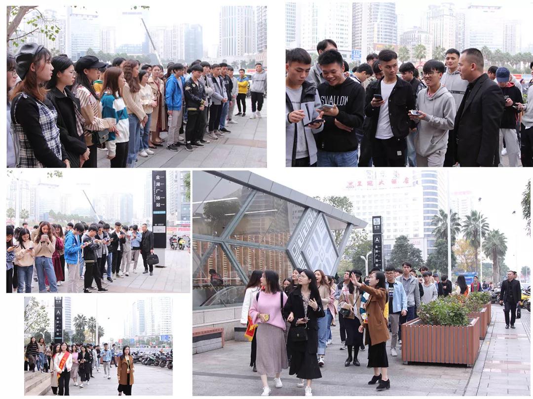早上9點(diǎn),南職師生有組織的乘坐地鐵到達(dá)中庭裝飾集團(tuán)周邊地鐵站——金湖廣場站A出口。
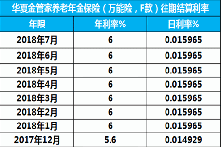从上表可以看出华夏金管家养老年金保险(万能险,F款)最高时候的利率为6%,最低时候的利率为5.6%,它的保证利率是3%,每年的结算利率不能低于保证利率。
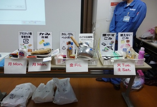 イベントでは、ごみの分別や出し方等ごみの処理方法やリサイクルの仕組みなどを翻訳しながら、映像や実物を利用して説明するほか、クイズ形式を取り入れることによりコミュニケーションを図り、交流を深めました。当団地がある横浜市では10分別15品目の分別ルールが定められていますが、翻訳しながら具体的な例を交え、粗大ごみも含めてわかりやすく解説したほか、分別の必要性、リサイクルの仕組みや大切さ、リサイクルされて生まれ変わった製品の使用例など、初歩からかなり踏み込んだ話まで多岐にわたる内容となりました。
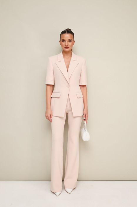 тильный 2-х предметный комплект, состоящий из жакета и брюк, выполненный из костюмной ткани.
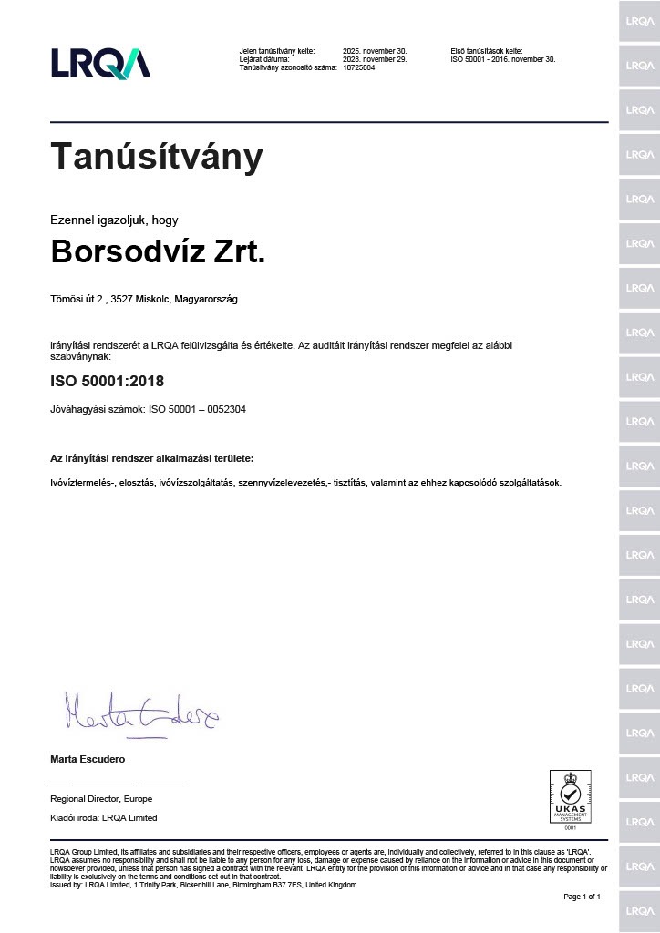 Tanúsítvány - ISO-50001
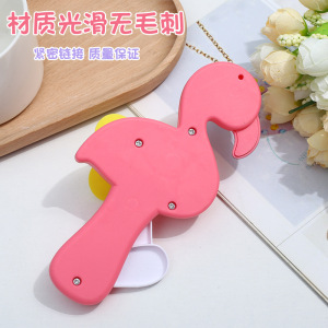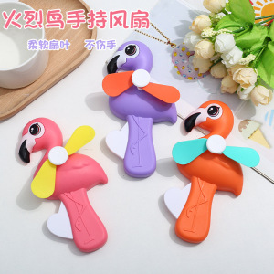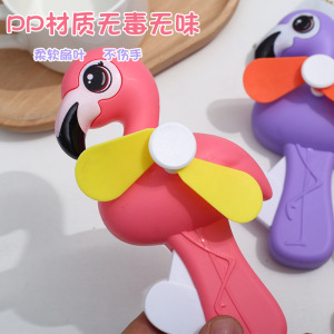 手圧扇風機の子供は小さい扇風機の漫画のフラミンゴの動物のおもちゃを持って携帯します。
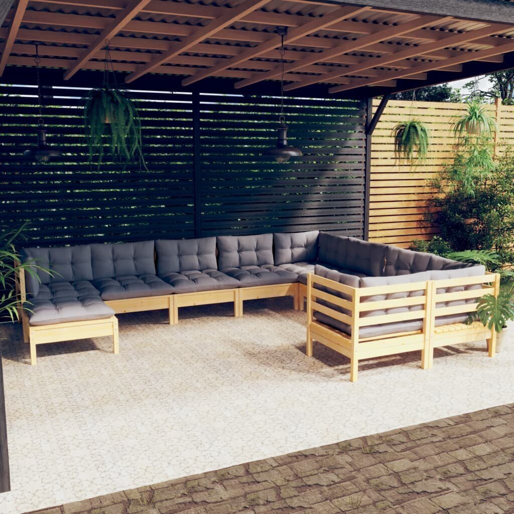 Visi šie modernių baldų bruožai leidžia teigti, jog šio stiliaus gaminiai yra paprasti ir tuo pačiu labai universalūs, todėl juos lengva pritaikyti bet kokio dydžio kambariuose. Sodo komplektas su pilkomis pagalvėmis, 11 dalių, pušis patiks tiems, kurie nori sukurti minimalistinę, neperkrautą erdvę, išlaikant tvarkos ir gaivos įspūdį.
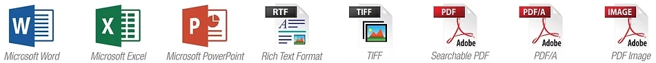 Convert scanned documents to 8 different editable document and image electronic file formats.
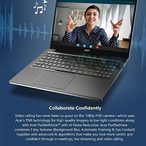 The Smarts: Video calling has never been so good on the 1080p FHD camera—which uses Acer’s TNR technology for high-quality imagery in low-light conditions along with Acer PurifiedVoice with AI Noise Reduction.
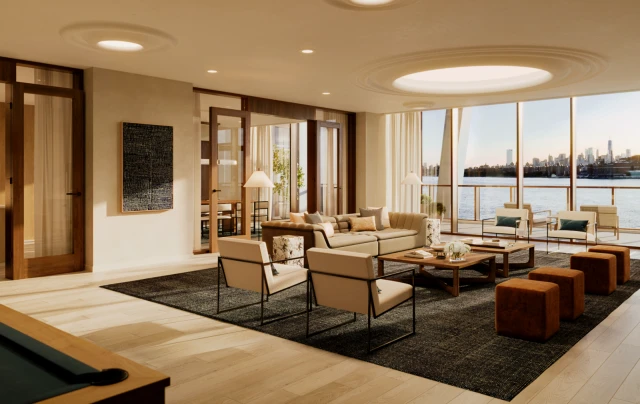 The Riverie is a new all-electric, geothermal-powered residential development on the Greenpoint waterfront. It consists of two towers (37 & 20 stories) connected by a podium, offering studios, one-, two-, and three-bedroom apartments as well as select townhomes. Interiors feature in-unit laundry, stainless steel appliances, and oversized windows. Building amenities include a fitness center with yoga studio & sauna, coworking spaces, children’s playrooms, music & podcast rooms, a speakeasy lounge, demonstration kitchen, rooftop pool and decks, barbecue areas, pet-wash stations, and a public waterfront esplanade with resilient design and retail space
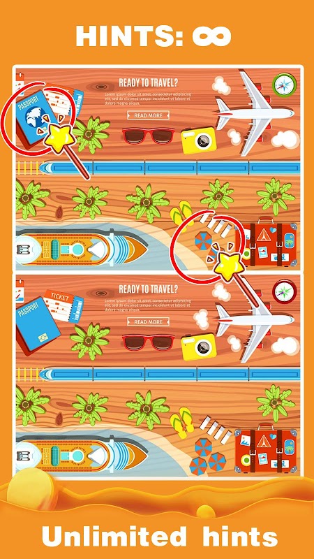 ● Find the differences game with unlimited hints!
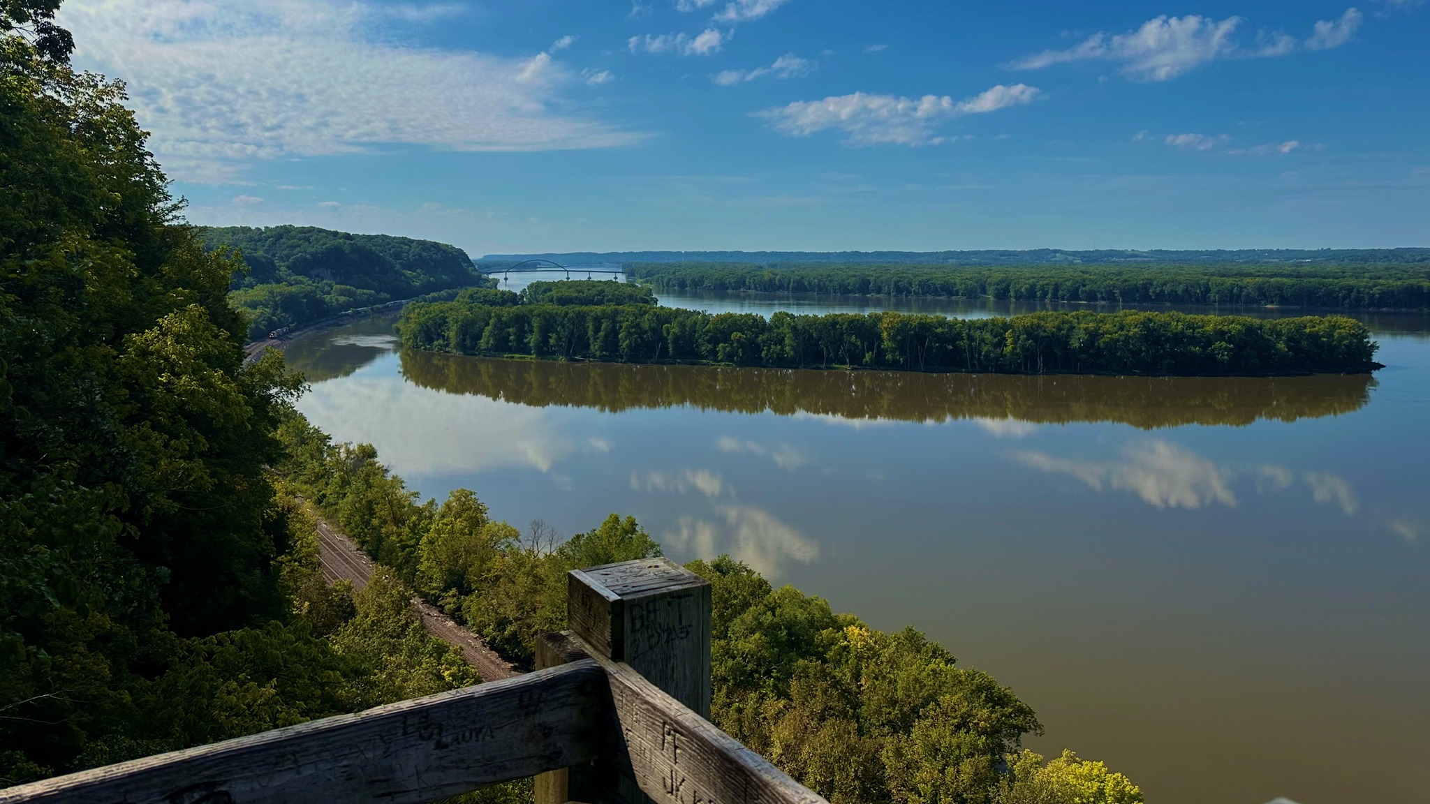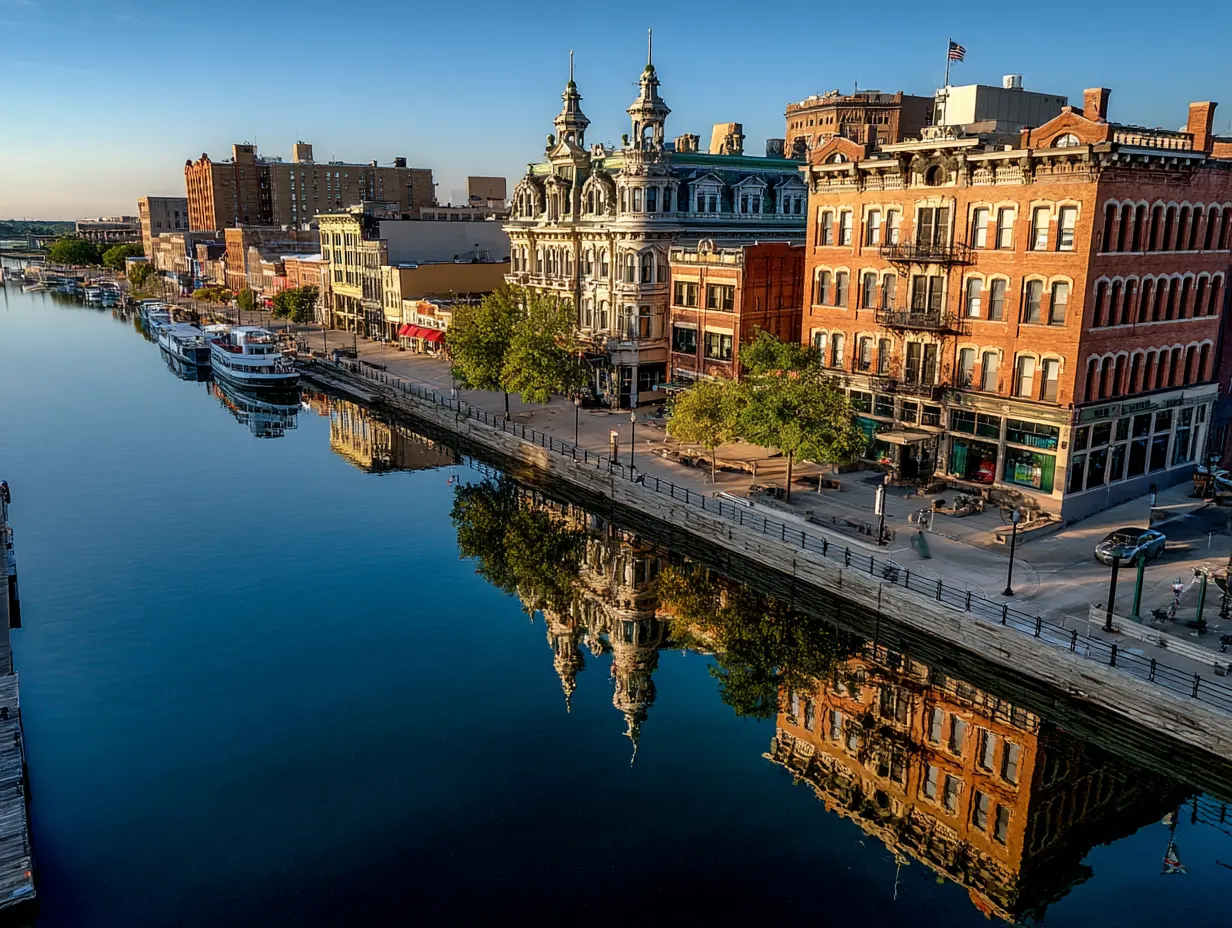 Żegnamy Nauvoo i ruszamy na północ wzdłuż Missisipi, w stronę Davenport, Iowa. Piękna trasa przez wzgórza zachodniego Illinois — za oknem mozaika pól, sadów i błyszczącej rzeki. Około 50 minut spokojnej jazdy. Dobry moment na drzemkę albo na pytania do przewodnika.
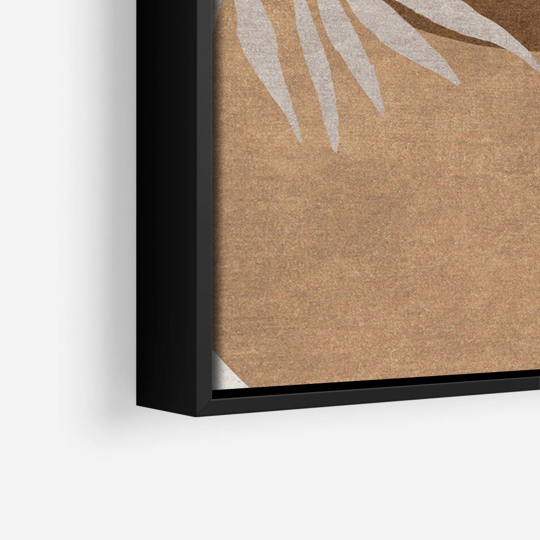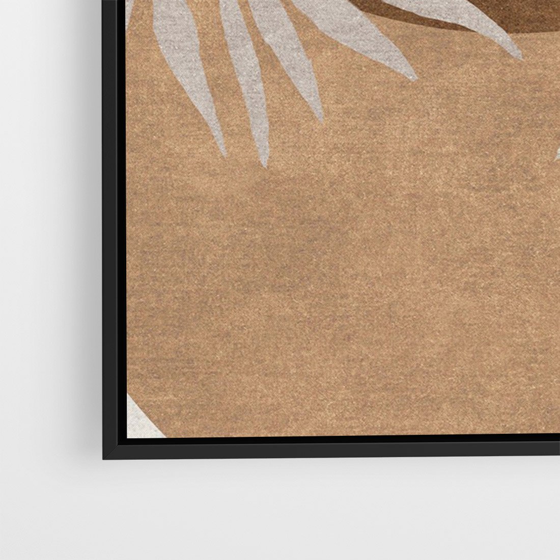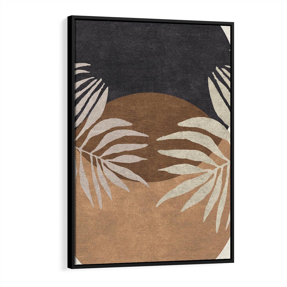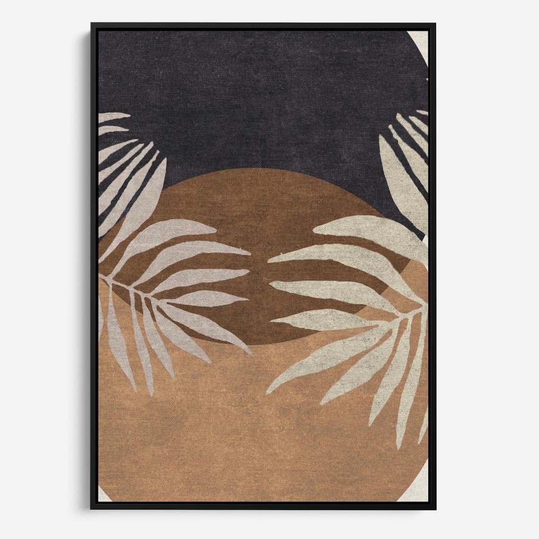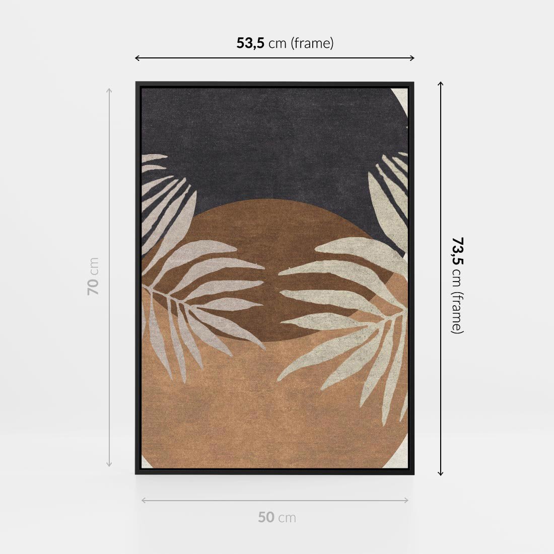 Odkryj wyjątkowy obraz w stylu boho, gdzie symetria i dwa duże koła po środku przyciągają uwagę. Brąz i czerń tworzą elegancką paletę barw. Po bokach umieszczone są delikatne liście palmy, dodające tropikalnego uroku. To dzieło sztuki stworzone dla miłośników stylu boho, którzy pragną wnieść artystyczną duszę do swoich wnętrz.
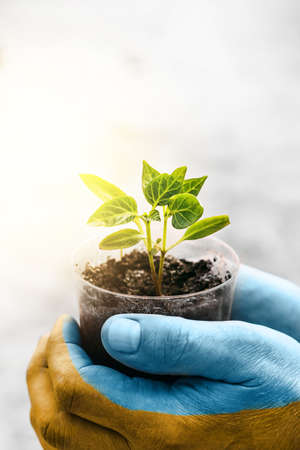 A man holds a green seedling in his Ukrainian yellow blue flag hands.
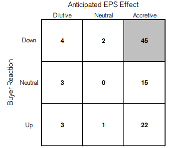 Credit Suisse took a sample of 95 of the M&A deals, categorised them based on whether the company said it would be immediately accretive or dilutive to EPS, then reviewed the one-day abnormal return for the buyer on the day of the announcement .
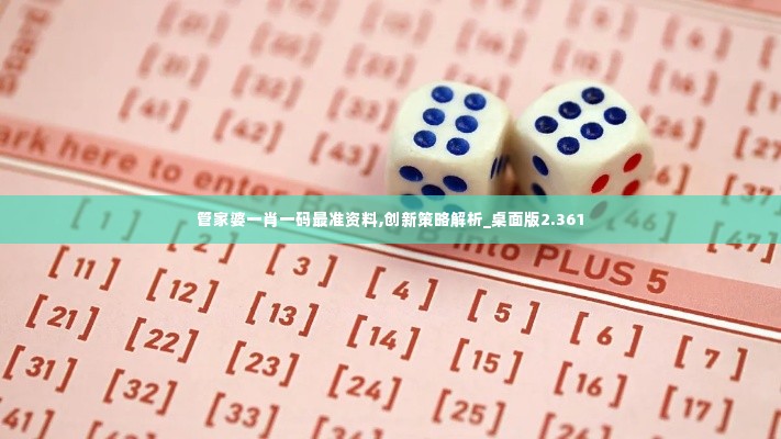 在过去的十年里,澳门政府为了进一步激发经济活力与创新能力,推出了一系列的政策文件,旨在为本地的企业发展和科技创新提供支持。文章"管家婆一肖一码最准资料,创新策略解析_桌面版2.361"将详细介绍这些创新策略,以最新版政策文件的形式,提供一个全面的资料解析框架。

══════════════════════════════

What to produce: Repeat the records above exactly, from the first line through the line that contains "The Smarts: Video", and leave out the pictures.

Solution to this problem:
早上9點(diǎn),南職師生有組織的乘坐地鐵到達(dá)中庭裝飾集團(tuán)周邊地鐵站——金湖廣場站A出口。
从上表可以看出华夏金管家养老年金保险(万能险,F款)最高时候的利率为6%,最低时候的利率为5.6%,它的保证利率是3%,每年的结算利率不能低于保证利率。
 イベントでは、ごみの分別や出し方等ごみの処理方法やリサイクルの仕組みなどを翻訳しながら、映像や実物を利用して説明するほか、クイズ形式を取り入れることによりコミュニケーションを図り、交流を深めました。当団地がある横浜市では10分別15品目の分別ルールが定められていますが、翻訳しながら具体的な例を交え、粗大ごみも含めてわかりやすく解説したほか、分別の必要性、リサイクルの仕組みや大切さ、リサイクルされて生まれ変わった製品の使用例など、初歩からかなり踏み込んだ話まで多岐にわたる内容となりました。
 тильный 2-х предметный комплект, состоящий из жакета и брюк, выполненный из костюмной ткани.
 Tanúsítvány - ISO-50001
 手圧扇風機の子供は小さい扇風機の漫画のフラミンゴの動物のおもちゃを持って携帯します。
 Visi šie modernių baldų bruožai leidžia teigti, jog šio stiliaus gaminiai yra paprasti ir tuo pačiu labai universalūs, todėl juos lengva pritaikyti bet kokio dydžio kambariuose. Sodo komplektas su pilkomis pagalvėmis, 11 dalių, pušis patiks tiems, kurie nori sukurti minimalistinę, neperkrautą erdvę, išlaikant tvarkos ir gaivos įspūdį.
 Convert scanned documents to 8 different editable document and image electronic file formats.
 The Smarts: Video calling has never been so good on the 1080p FHD camera—which uses Acer’s TNR technology for high-quality imagery in low-light conditions along with Acer PurifiedVoice with AI Noise Reduction.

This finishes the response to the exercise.